Strategy 2: Add a “variety item” from the same trip to reduce waste
If shopping Super C for the cantaloupe, add one of the other discounted fruits if it matches household preferences:- Canary Melon ($2.38)
- Extra Large Green Seedless Grapes ($3.90)
- Coconuts ($1.49)
This supports variety without reverting to regular-price items.
Strategy 3: Treat bulk formats as a needs-based purchase, not a sale trigger
Orange Seedless 8lbs at $9.00 (IGA) can be worthwhile, but the discount is only 10%. A household should only buy this format if:- oranges are consumed predictably, and
- the household is comfortable storing and rotating that quantity.
Method notes and reliability
This page reflects the prices provided for Saguenay, QC for April 2026 and presents them without modification. Where both current and regular prices are available, savings percentages are computed directly from those values. Where store coverage differs by item, tables show missing entries explicitly.For readers comparing prices over time, it is best to treat these numbers as a timestamped snapshot. Promotions change quickly, and availability can vary by location. eezly’s real-time database is most useful when checked close to the planned shopping date.
Summary: the April 2026 Saguenay conclusion
The April 2026 data for Saguenay shows a clear pattern: the biggest savings were concentrated in a few aggressive fruit promotions rather than spread evenly across every aisle. Maxi delivered the standout headline price with Strawberries 1LB at $1.77 (down from $4.99), while Super C offered the widest range of discounted whole fruits, including Jumbo Cantaloupe at $1.77, grapes at $3.90, and several additional items with 35%–46% reductions. IGA’s featured orange bag offered a smaller 10% discount that may still suit high-consumption households.Featured Deals
Comparison
| Produit | Prix à Saguenay | Prix régulier | Bannière |
| Strawberries 1LB | 1,77$ | 4,99$ | Maxi |
| Canary Melon | 2,38$ | 4,39$ | Super C |
| Bartlett Pear | 0,88$ | 6,59$ | Metro |
Frequently Asked Questions
Where can shoppers find the cheapest strawberries in Saguenay, QC in April 2026?
In April 2026, the lowest observed price in this dataset for Strawberries 1LB in Saguenay, QC was $1.77 at Maxi, discounted from a $4.99 regular price (64.5% off), based on eezly real-time price tracking.
Which store had the deepest discount in Saguenay in April 2026?
The deepest measured discounts were tied at 64.5%: Strawberries 1LB at Maxi for $1.77 (regular $4.99) and Jumbo Cantaloupe at Super C for $1.77 (regular $4.99), according to eezly real-time price tracking as of April 2026.
What were the best fruit deals at Super C in Saguenay in April 2026?

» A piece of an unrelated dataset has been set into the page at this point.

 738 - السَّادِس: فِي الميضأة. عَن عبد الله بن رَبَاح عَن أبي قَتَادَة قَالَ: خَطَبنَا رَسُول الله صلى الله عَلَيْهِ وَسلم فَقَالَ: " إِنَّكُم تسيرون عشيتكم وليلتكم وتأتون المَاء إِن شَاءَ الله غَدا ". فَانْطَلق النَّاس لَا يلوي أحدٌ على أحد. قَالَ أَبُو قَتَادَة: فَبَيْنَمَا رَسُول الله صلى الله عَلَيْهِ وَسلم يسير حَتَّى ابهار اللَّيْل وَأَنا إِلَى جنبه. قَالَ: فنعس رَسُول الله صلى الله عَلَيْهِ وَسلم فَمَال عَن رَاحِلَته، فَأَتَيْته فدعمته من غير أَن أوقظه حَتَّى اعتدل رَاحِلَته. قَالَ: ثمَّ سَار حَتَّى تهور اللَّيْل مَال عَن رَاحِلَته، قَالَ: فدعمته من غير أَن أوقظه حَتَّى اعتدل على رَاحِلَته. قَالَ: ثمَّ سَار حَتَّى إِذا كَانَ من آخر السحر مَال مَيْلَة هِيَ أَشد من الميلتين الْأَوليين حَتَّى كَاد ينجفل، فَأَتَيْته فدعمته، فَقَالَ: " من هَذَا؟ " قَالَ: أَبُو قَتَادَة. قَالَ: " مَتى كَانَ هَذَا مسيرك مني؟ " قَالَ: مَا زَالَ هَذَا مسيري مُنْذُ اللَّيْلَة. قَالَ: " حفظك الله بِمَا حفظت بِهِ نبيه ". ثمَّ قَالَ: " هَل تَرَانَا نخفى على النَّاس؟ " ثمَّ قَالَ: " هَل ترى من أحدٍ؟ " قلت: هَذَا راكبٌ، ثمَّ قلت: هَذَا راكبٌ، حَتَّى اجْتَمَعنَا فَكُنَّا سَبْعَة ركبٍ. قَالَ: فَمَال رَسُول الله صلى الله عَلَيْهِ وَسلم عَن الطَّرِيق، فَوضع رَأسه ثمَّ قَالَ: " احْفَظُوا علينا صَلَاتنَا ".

Super C’s notable observed prices in April 2026 were Jumbo Cantaloupe for $1.77 (regular $4.99), Canary Melon for $2.38 (regular $4.39), Coconuts for $1.49 (regular $2.29), and Extra Large Green Seedless Grapes for $3.90 (regular $8.80), based on eezly real-time price tracking.

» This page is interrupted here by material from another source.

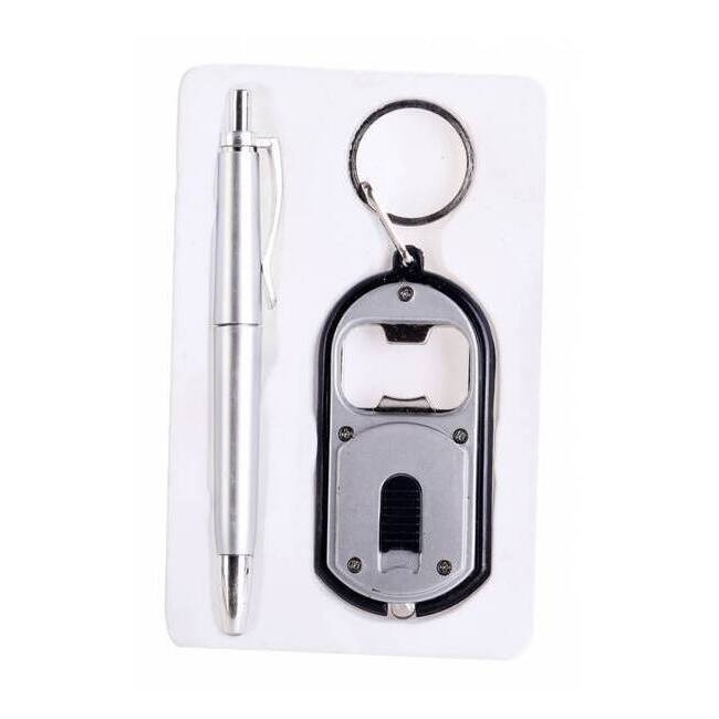 Porta-chaves caneta + lanterna com abridor na caixa - 1 unid.

Was the 8 lb seedless orange bag at IGA a strong deal in April 2026?
It was a modest deal. Orange Seedless 8lbs at IGA was $9.00 versus a $10.00 regular price, a 10% discount in April 2026, based on eezly real-time price tracking.
How were the savings percentages calculated in this report?
Savings were calculated as (regular price − current price) ÷ regular price using the regular prices provided for each item in the April 2026 dataset, then expressed as a percentage.